• _Instructions to follow_
Shown below are entries with pictures; the line with "王蓮原產(chǎn)于南美洲" through the line with "2014年5月19日,中哈两" is the span to retype exactly, and the pictures stay out.

• _Supplied entries_
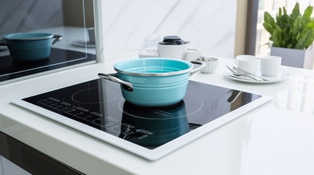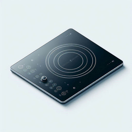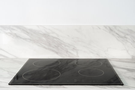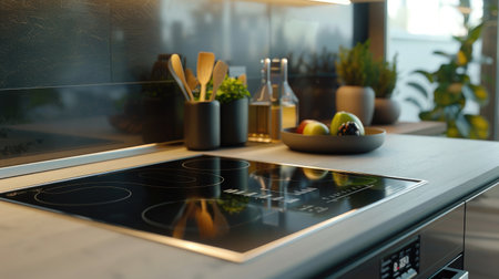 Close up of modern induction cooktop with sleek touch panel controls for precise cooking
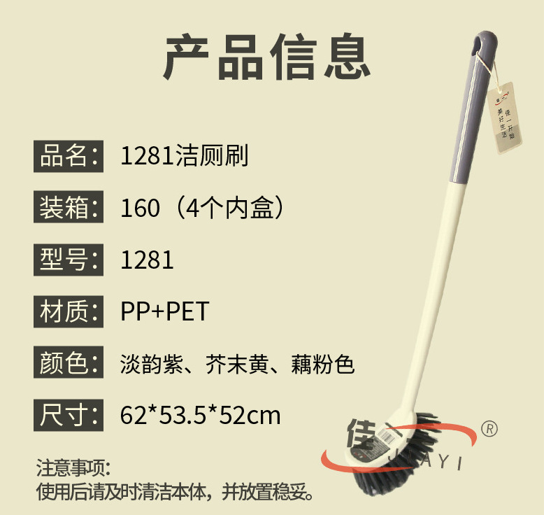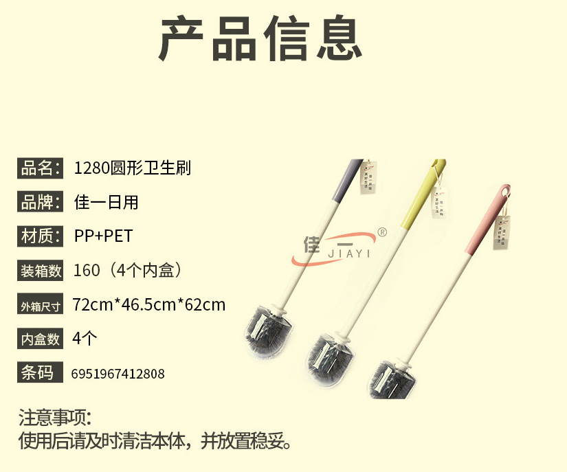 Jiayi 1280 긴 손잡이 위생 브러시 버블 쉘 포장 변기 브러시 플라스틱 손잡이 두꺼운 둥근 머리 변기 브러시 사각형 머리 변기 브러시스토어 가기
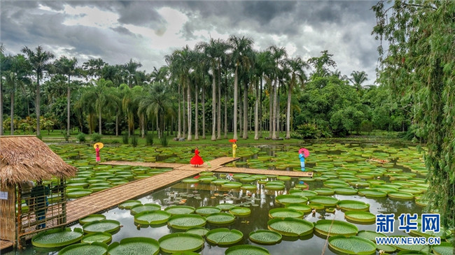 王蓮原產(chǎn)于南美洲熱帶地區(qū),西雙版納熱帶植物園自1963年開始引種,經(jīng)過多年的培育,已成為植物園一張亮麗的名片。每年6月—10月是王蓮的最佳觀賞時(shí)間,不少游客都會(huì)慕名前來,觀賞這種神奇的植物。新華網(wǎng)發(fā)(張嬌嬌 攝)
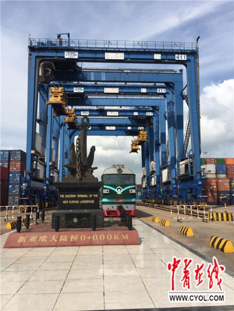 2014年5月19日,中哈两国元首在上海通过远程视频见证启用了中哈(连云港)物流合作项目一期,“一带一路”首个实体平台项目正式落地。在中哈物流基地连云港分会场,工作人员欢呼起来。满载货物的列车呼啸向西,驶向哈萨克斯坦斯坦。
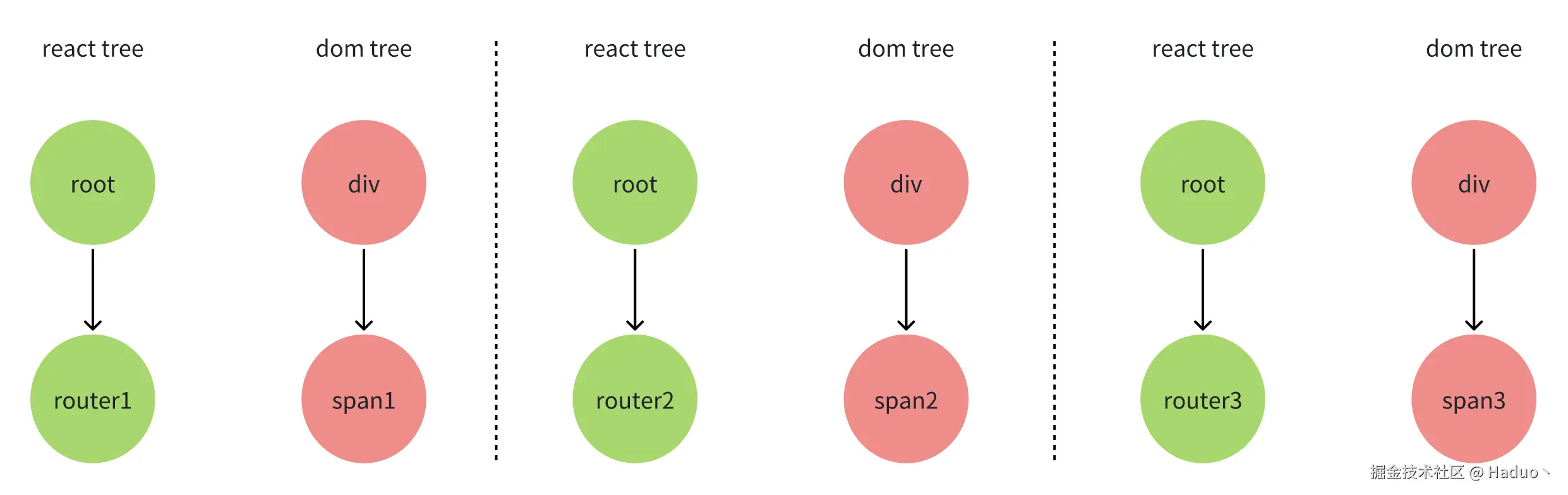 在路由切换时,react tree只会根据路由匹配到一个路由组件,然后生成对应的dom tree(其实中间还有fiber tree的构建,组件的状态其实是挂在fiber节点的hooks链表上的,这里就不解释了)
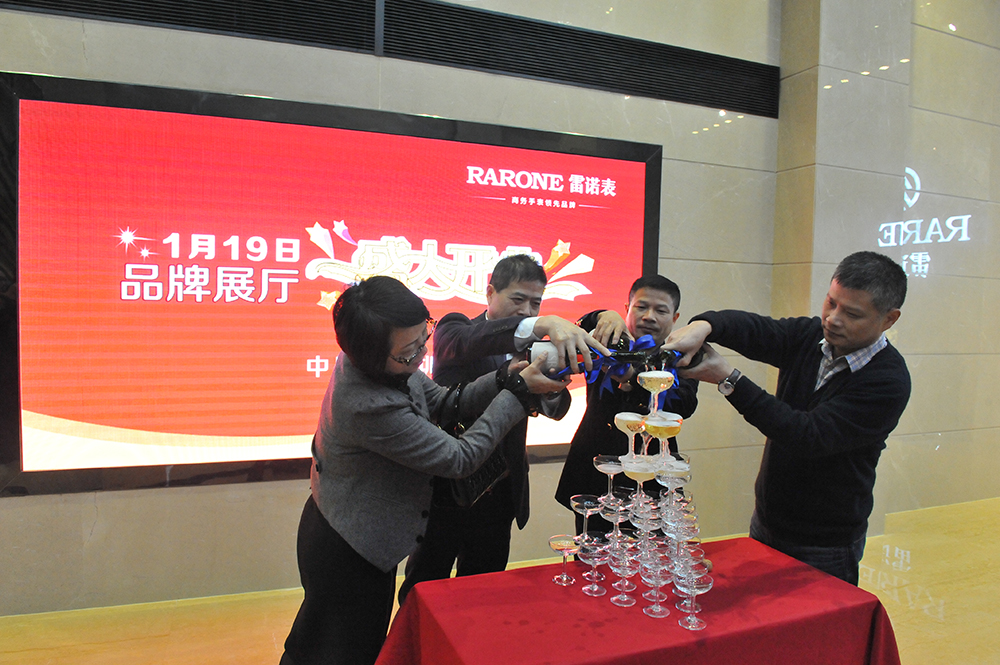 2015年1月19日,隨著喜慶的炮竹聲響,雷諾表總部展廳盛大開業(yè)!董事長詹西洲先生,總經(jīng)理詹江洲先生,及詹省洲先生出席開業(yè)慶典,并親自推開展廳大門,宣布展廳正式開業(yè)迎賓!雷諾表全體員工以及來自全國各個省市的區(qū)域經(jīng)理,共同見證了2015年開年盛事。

--

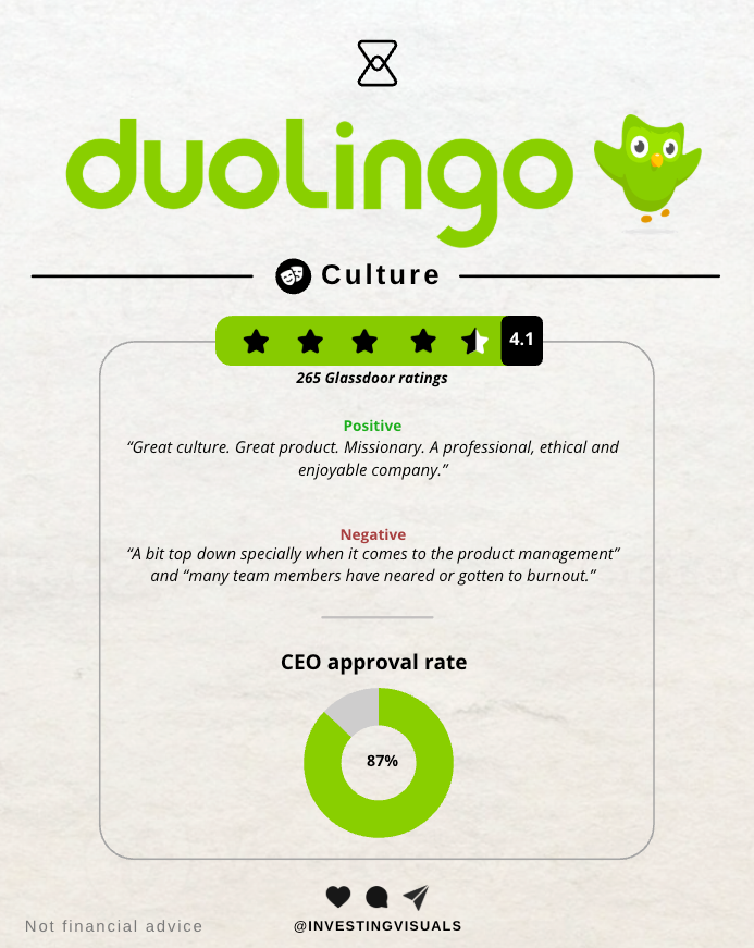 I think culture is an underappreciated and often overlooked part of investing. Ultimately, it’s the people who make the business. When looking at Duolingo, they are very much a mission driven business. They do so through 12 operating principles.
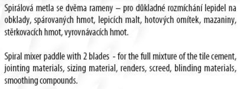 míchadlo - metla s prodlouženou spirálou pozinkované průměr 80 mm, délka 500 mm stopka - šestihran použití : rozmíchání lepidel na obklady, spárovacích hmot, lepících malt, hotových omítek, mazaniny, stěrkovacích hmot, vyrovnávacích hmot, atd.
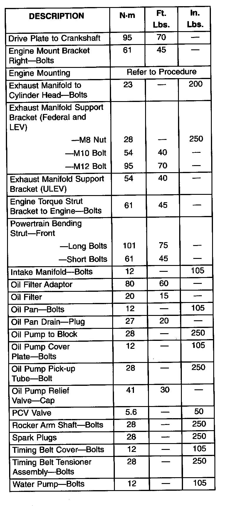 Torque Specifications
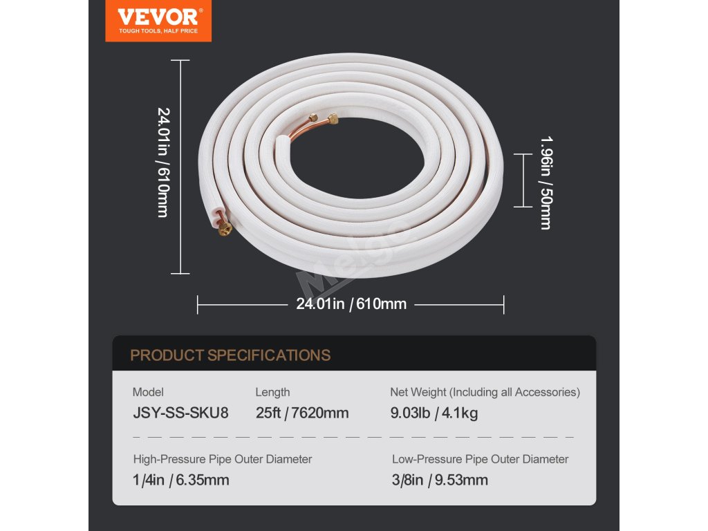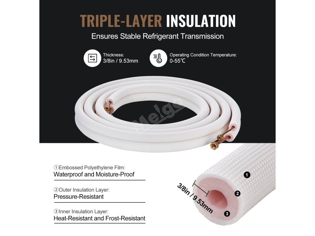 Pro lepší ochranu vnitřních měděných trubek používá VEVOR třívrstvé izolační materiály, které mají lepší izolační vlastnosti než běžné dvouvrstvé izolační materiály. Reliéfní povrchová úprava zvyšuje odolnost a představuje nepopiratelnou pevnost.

• _Result of this task_
 王蓮原產(chǎn)于南美洲熱帶地區(qū),西雙版納熱帶植物園自1963年開始引種,經(jīng)過多年的培育,已成為植物園一張亮麗的名片。每年6月—10月是王蓮的最佳觀賞時(shí)間,不少游客都會(huì)慕名前來,觀賞這種神奇的植物。新華網(wǎng)發(fā)(張嬌嬌 攝)
 2014年5月19日,中哈两国元首在上海通过远程视频见证启用了中哈(连云港)物流合作项目一期,“一带一路”首个实体平台项目正式落地。在中哈物流基地连云港分会场,工作人员欢呼起来。满载货物的列车呼啸向西,驶向哈萨克斯坦斯坦。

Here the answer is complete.